» **Source material**:
++++++++++

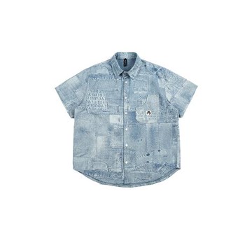 男道復古水洗拼接牛仔短袖襯衫男夏季街頭寬松休閑百搭襯衣外套
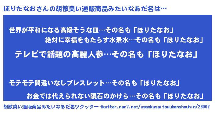 | 意味不明あだ名 | 『自称ほりたなお』『永久保存ほりたなお』 |
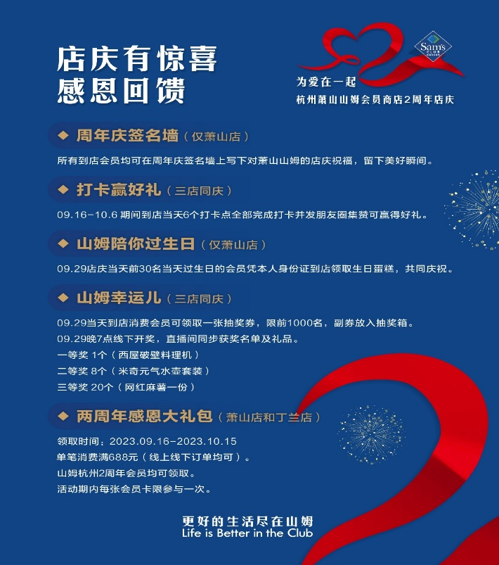 蕭山山姆店兩周年店慶,以禮相送,感恩有你

++++++++++

» **Exercise details**: Would you give again exactly the lines from the line containing "意味不明あだ名 | 『自称ほりたなお』『永久保存ほりたなお』 |" through the end of the listing, both ends included, without any pictures?

» **Written solution**:
 | 意味不明あだ名 | 『自称ほりたなお』『永久保存ほりたなお』 |
 蕭山山姆店兩周年店慶,以禮相送,感恩有你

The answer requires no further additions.